One challenge of representing minorities on screen has been the idea that if a character is flawed that will be taken as representative of that minority group because this is the only person in the group on screen. And for a long time, this contributed to complex interesting white characters and boring minority side characters.
The Pitt doesn't do this. Its core characters are almost all deeply fucked up. But it is diverse enough to not have each of those characters be the only person of their particular group represented on screen.
For example, Samira has some major flaws as a doctor - caring but very slow, orders too many tests, can't take feedback, isn't a team player. But that's clearly not because she's an Indian woman. Have you seen Shamsi? She's efficient, bad ass, a little mean. Have you seen Victoria? She's young and smart and figuring shit out. They have flaws but their flaws are different. This helps show they aren't meant to be flaws of a group but flaws of a specific character. Samira's flaws are because she's a complex character. They aren't because the show is pushing a narrative that Indian women make bad doctors.
Did Baran continue to work an entire shift while having seizures then almost start driving? Yes. But are we meant to look at that and say people with disabilities have bad judgment and can't be trusted. No. So clearly not. We see Caleb, Mel, Becca, multiple characters with disabilities on screen. And we understand Baran to be a capable and compassionate doctor, the show goes out of its way to show us that. But it also shows her coping with shame about her disability and how that's complicated by the ways she has to navigate the workplace as a woman and as an ethnic minority. She's meant to be a complex character. We're not supposed to look at her and say people with disabilities, women, or people from the SWANA region are incompetent. If someone thinks that's the right reading here then it's time to go back to elementary school literature class.
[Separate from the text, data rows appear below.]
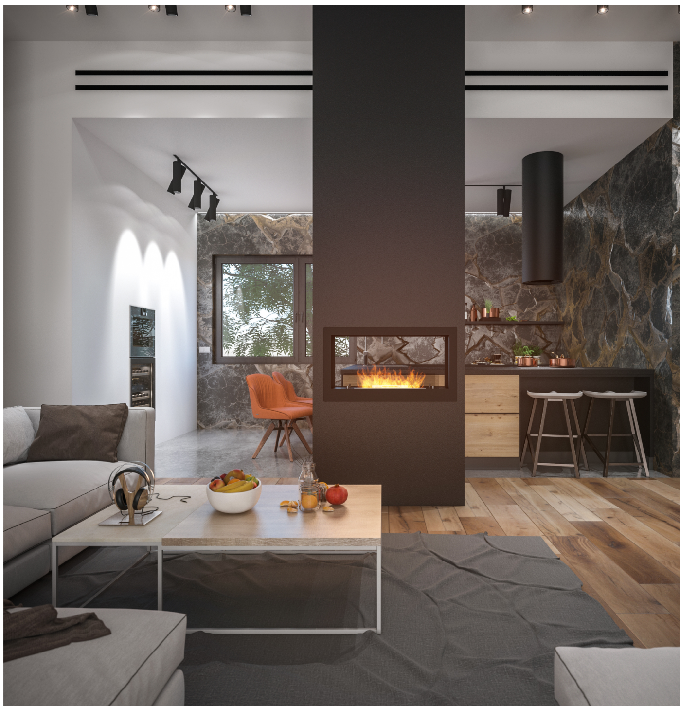
Biokominek 2 Side 900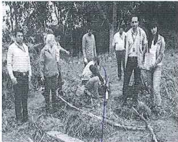
Fotografía 1. Relleno en el Río Pula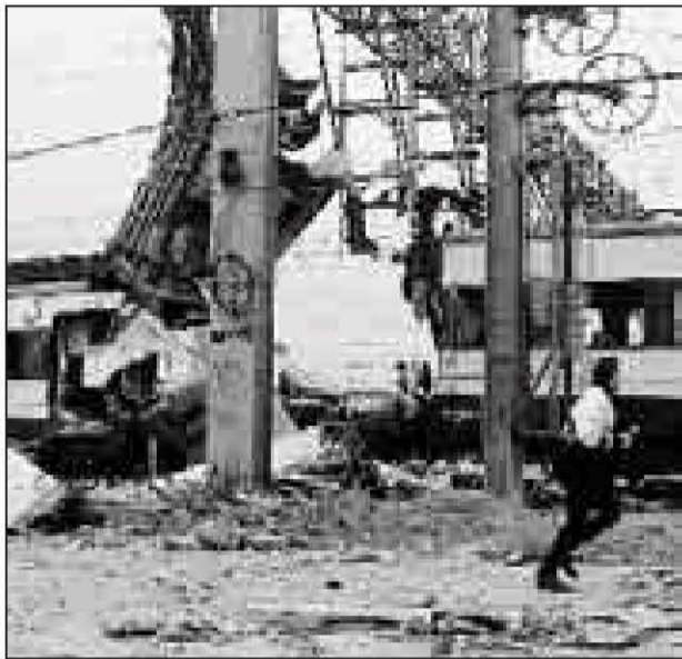
Estado del convoy siniestrado en Atocha.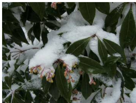
雪をかぶるアセビのつぼみ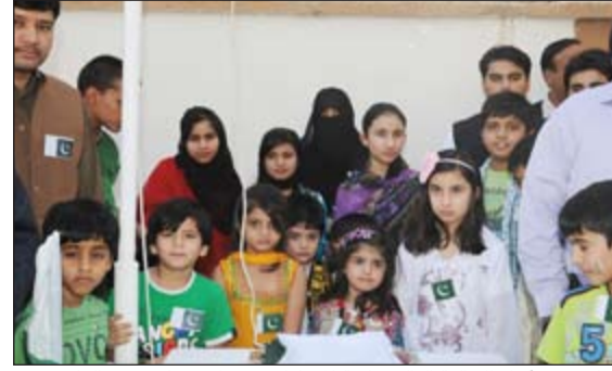
جانب من أبناء الجالية الباكستانية المشاركين في الاحتفال برفع العلم

العديد من التحديات. وأضاف «أن انتقال السلطة السلمي من حكومة الى أخرى رسخ جذور الديموقراطية الى ما بعد ذلك. وثمة نظام قضائي مستقر، واعلام مسموع ومجتمع مدني ديناميكي، التي توفر أساسا متينا لمستقبل أكثر اشراقا لباكستان». وفي ختام الحفل، كان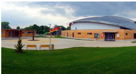
Absolutní prvenství v soutěži Stavba roku Libereckého kraje 2016 získal Sportovní a rekreační areál Maškova zahrada.

Titul Stavba roku Libereckého kraje 2016 letos putuje do Turnova. Absolutní prvenství v prestižní soutěži získal Sportovní a rekreační areál Maškova zahrada. Svým hlasováním se do výsledků zapojila opět i veřejnost.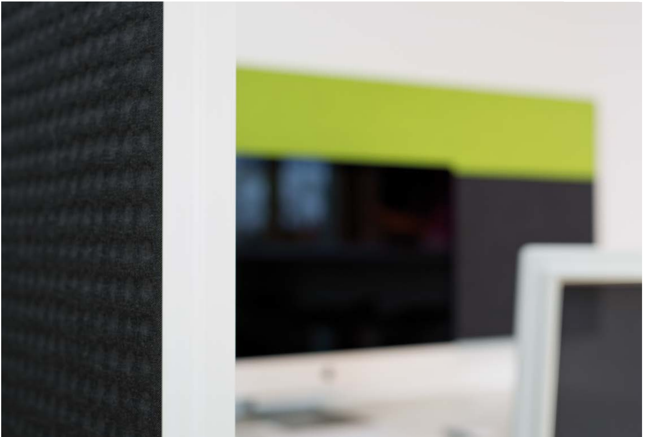
room tex table

Likewise, Robby, a Jewish man with severe mental health conditions, should be allowed to be a complex character. Does he sometimes do things that are sexist? Yes. Is he falling apart and lashing out? Yes. And I think people have grasped that this isn't a statement abou5 how people with depression or PTSD are bad. There are other characters with PTSD, Abbot most notably, who handles his PTSD very differently. So we can see Robby's struggle as his own, as a complex character. But when it comes to the fact that he's Jewish, even though there are multiple other Jewish characters on screen, including Lena who is a caring death doula and nurse, and multiple Jewish patients from different racial and class backgrounds, somehow Robby becomes a justification for a whole load of antisemitic tropes to be dragged into the conversation.
I hate that the Pitt fandom sometimes makes me wish the show didn't make Robby Jewish. I want to be able to watch a show where a character is Jewish but isn't a paragon of virtue. I want to not have fans bringing antisemitic tropes to every conversation of this character or the actor who plays him.
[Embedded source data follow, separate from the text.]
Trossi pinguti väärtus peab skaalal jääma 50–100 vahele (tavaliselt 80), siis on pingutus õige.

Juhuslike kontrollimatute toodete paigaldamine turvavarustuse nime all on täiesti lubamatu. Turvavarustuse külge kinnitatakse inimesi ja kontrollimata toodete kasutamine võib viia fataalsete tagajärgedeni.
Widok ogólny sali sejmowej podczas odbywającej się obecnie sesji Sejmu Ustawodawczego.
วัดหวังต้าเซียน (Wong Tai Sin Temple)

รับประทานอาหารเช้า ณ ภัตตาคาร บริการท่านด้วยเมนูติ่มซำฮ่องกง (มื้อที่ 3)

I want to be able to see complex female characters and complex character from all racial and ethnic backgrounds and characters with disabilities represented on screen and be able to see them fuck up and be deeply flawed and struggle just like we've seen messy fucked up white characters on screen for so long.
This fandom needs to stop asking for every woman of color to be a paragon of virtue on screen. And it needs to stop rhetorically tying every flaw of a Jewish character to millennia old blood libels. Please. Otherwise, all that happens is we are stuck with complex, flawed, messy white characters and the most boring minority characters because everyone is too afraid to put a messy character into the world who might be seen as a bad representation for their group.